Start of Block

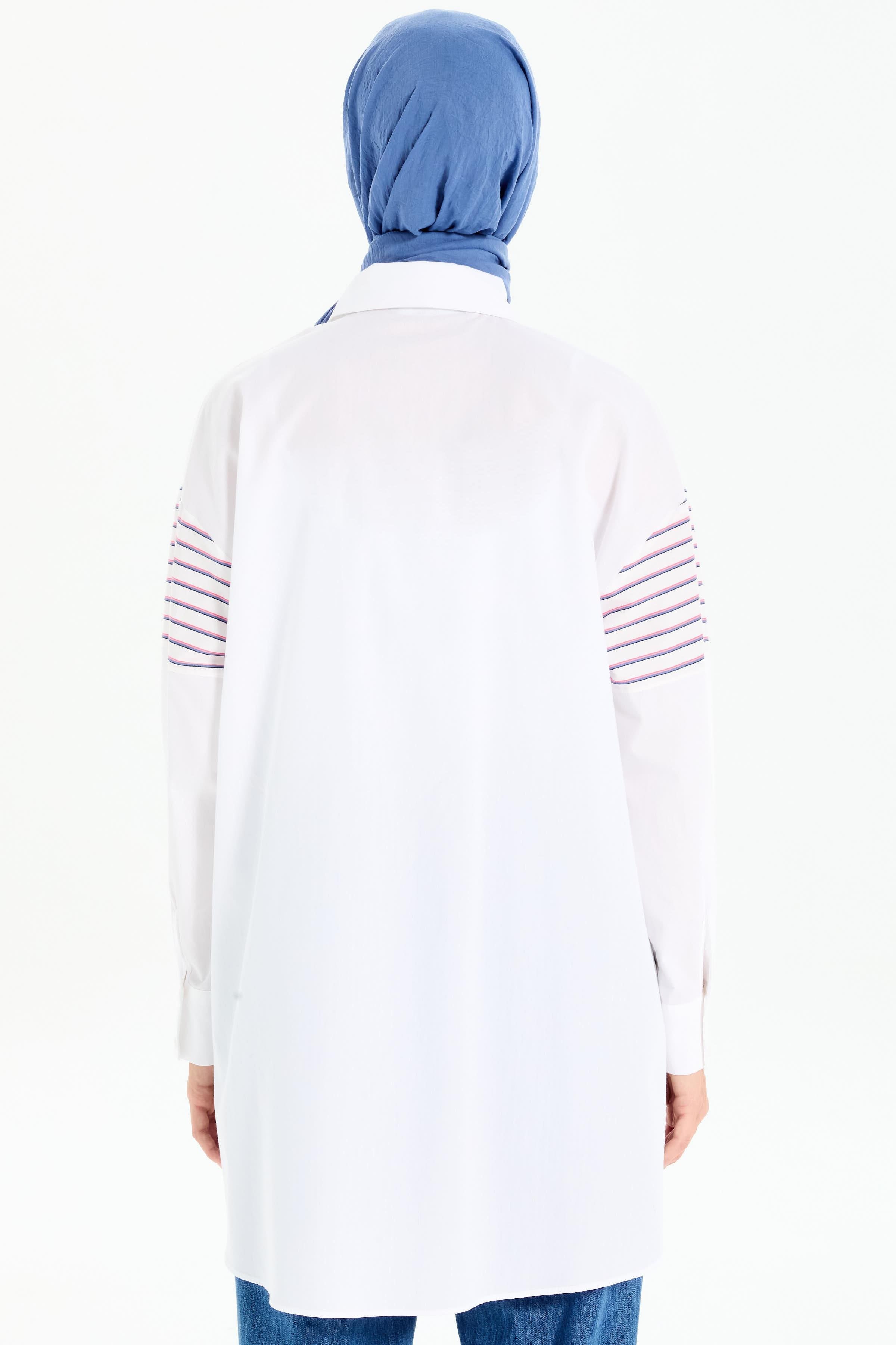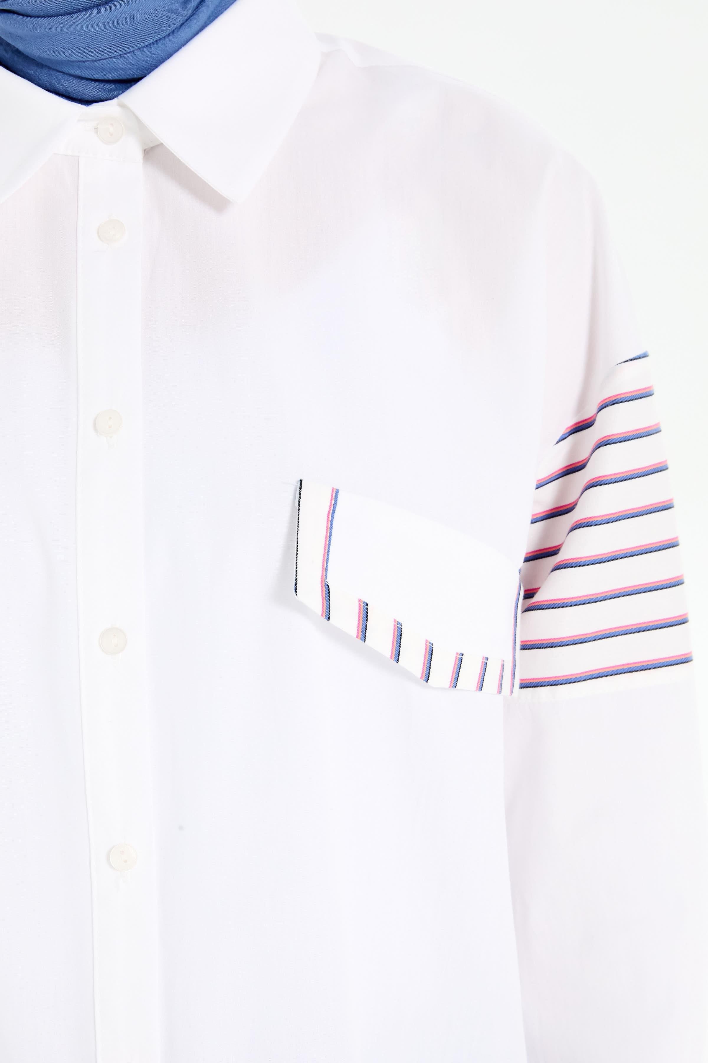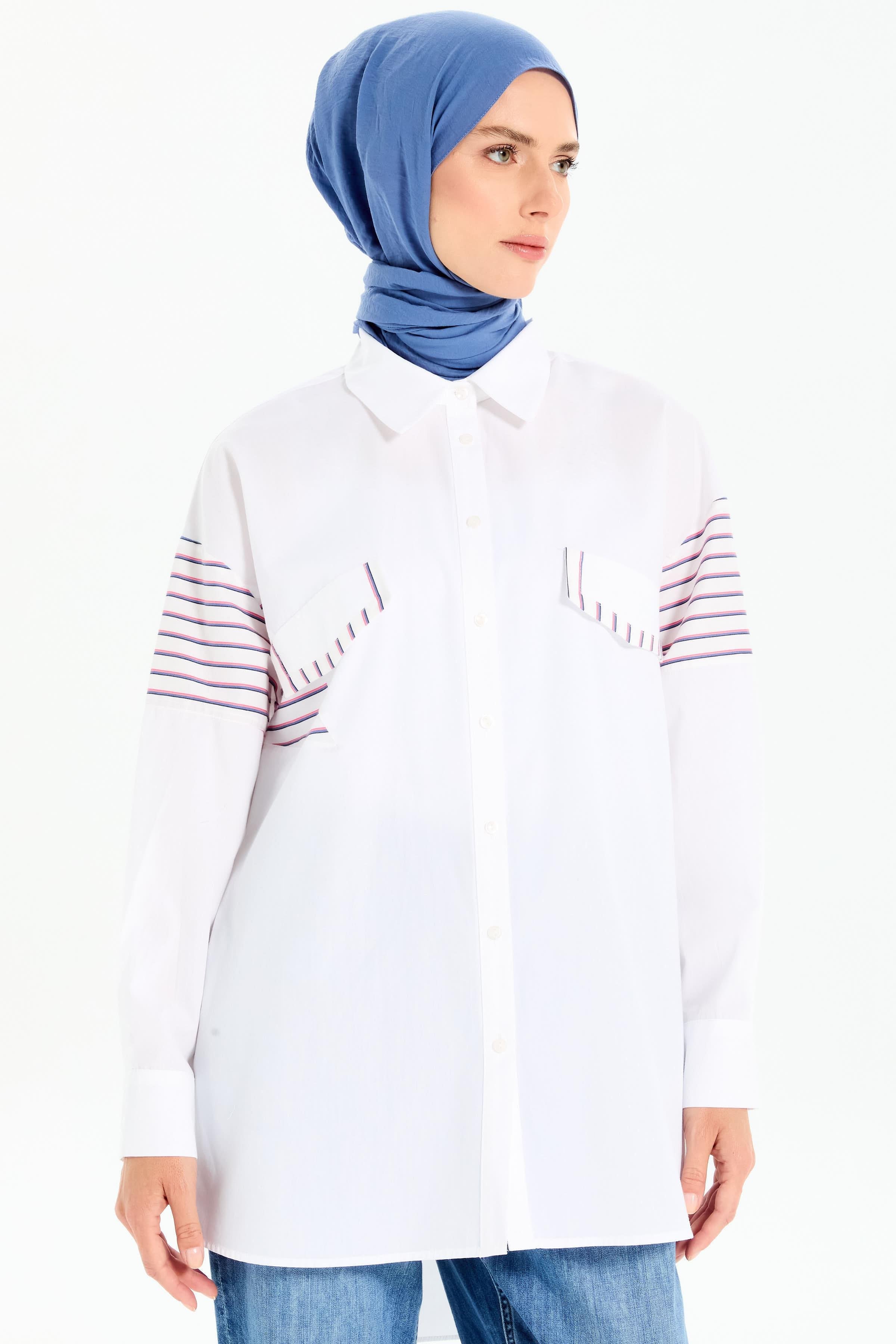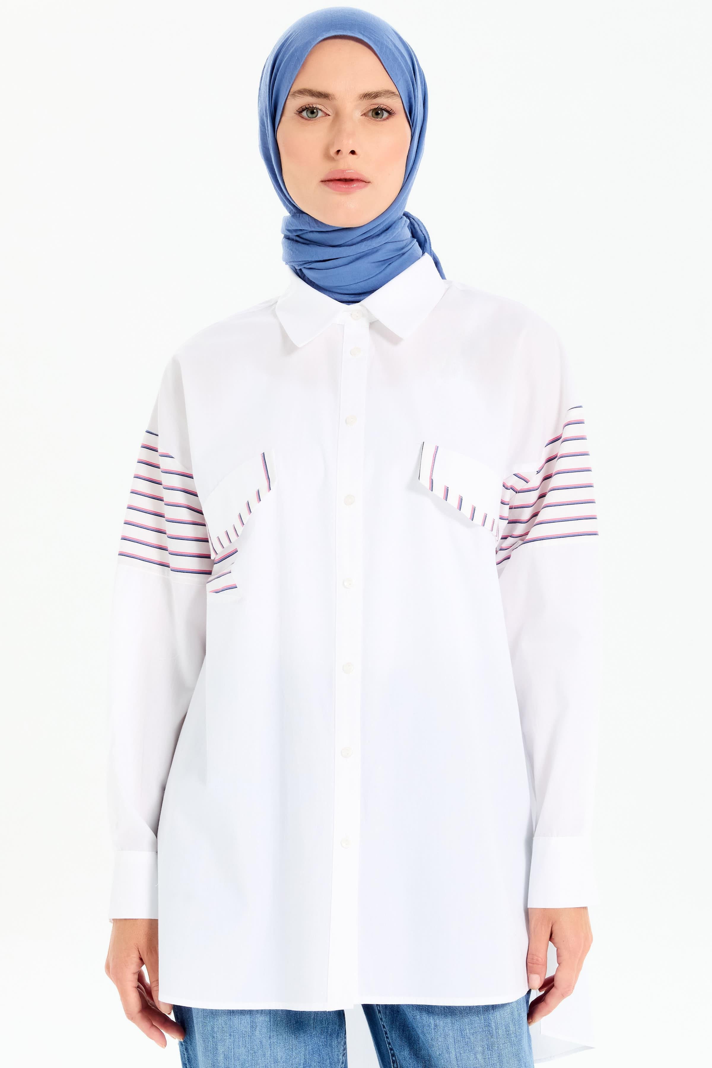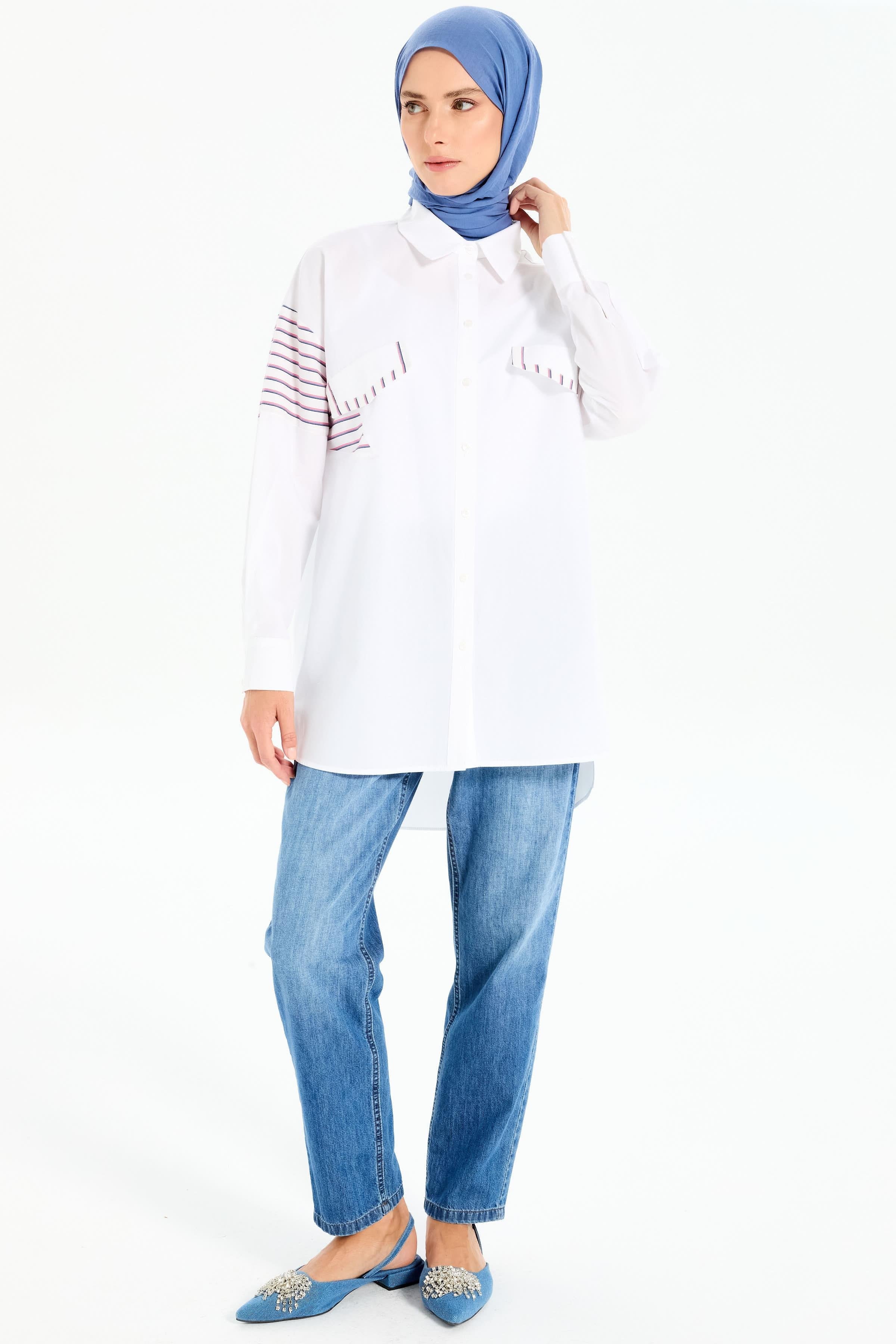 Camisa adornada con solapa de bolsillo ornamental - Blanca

End of Block
Start of Block

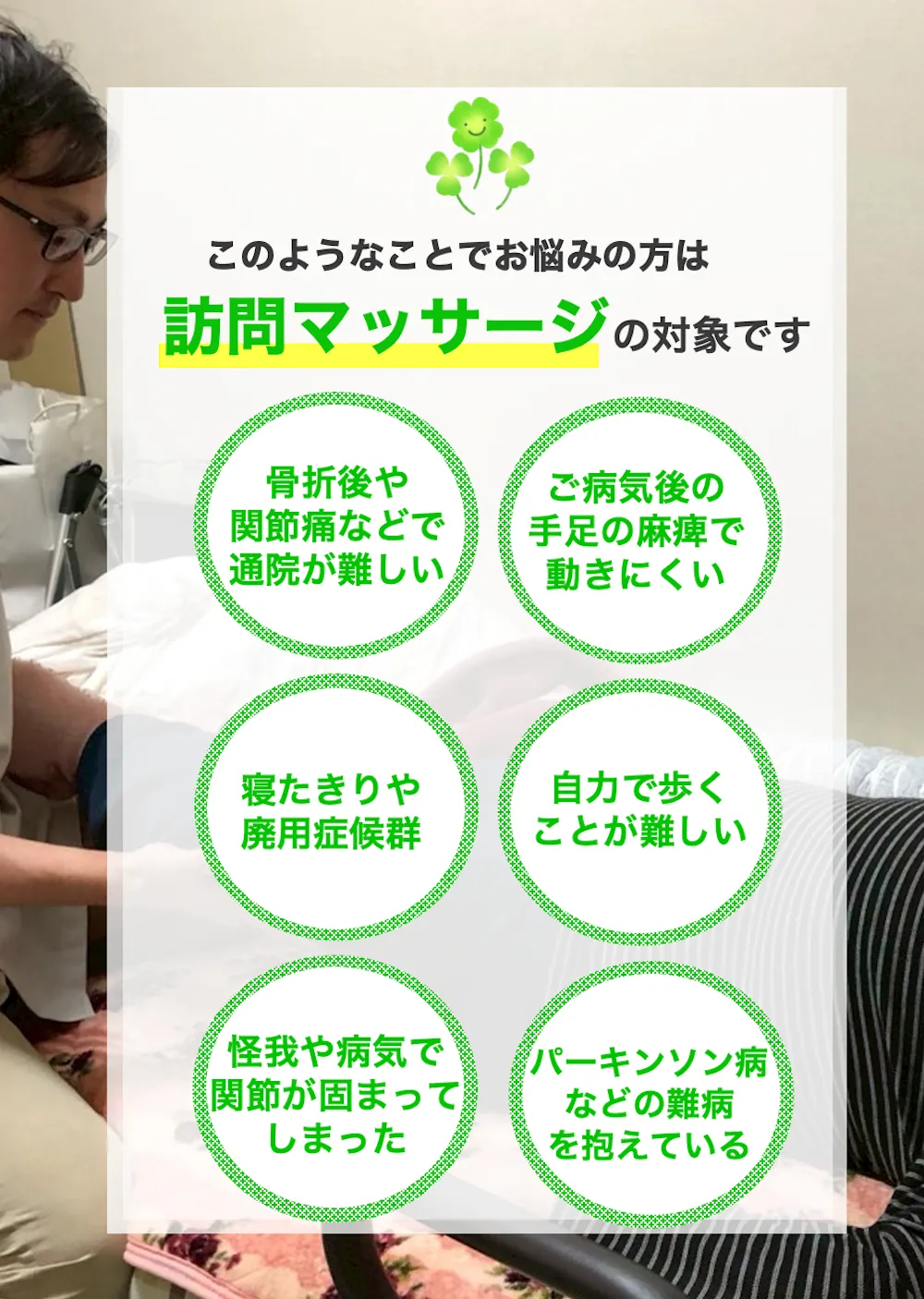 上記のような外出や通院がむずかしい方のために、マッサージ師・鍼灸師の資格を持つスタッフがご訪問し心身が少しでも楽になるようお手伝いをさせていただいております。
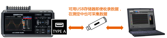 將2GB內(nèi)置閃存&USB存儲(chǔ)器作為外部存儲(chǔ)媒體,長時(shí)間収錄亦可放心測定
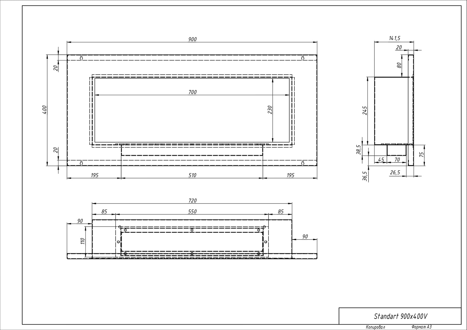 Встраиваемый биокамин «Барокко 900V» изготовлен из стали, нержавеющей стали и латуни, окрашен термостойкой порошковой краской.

End of Block

### About this task
"將2GB內(nèi)置閃存&" marks the first line to copy, and "термостойкой порошковой краской." marks the last. Repeat that stretch above exactly, with no pictures.

### Expected output
 將2GB內(nèi)置閃存&USB存儲(chǔ)器作為外部存儲(chǔ)媒體,長時(shí)間収錄亦可放心測定
 Встраиваемый биокамин «Барокко 900V» изготовлен из стали, нержавеющей стали и латуни, окрашен термостойкой порошковой краской.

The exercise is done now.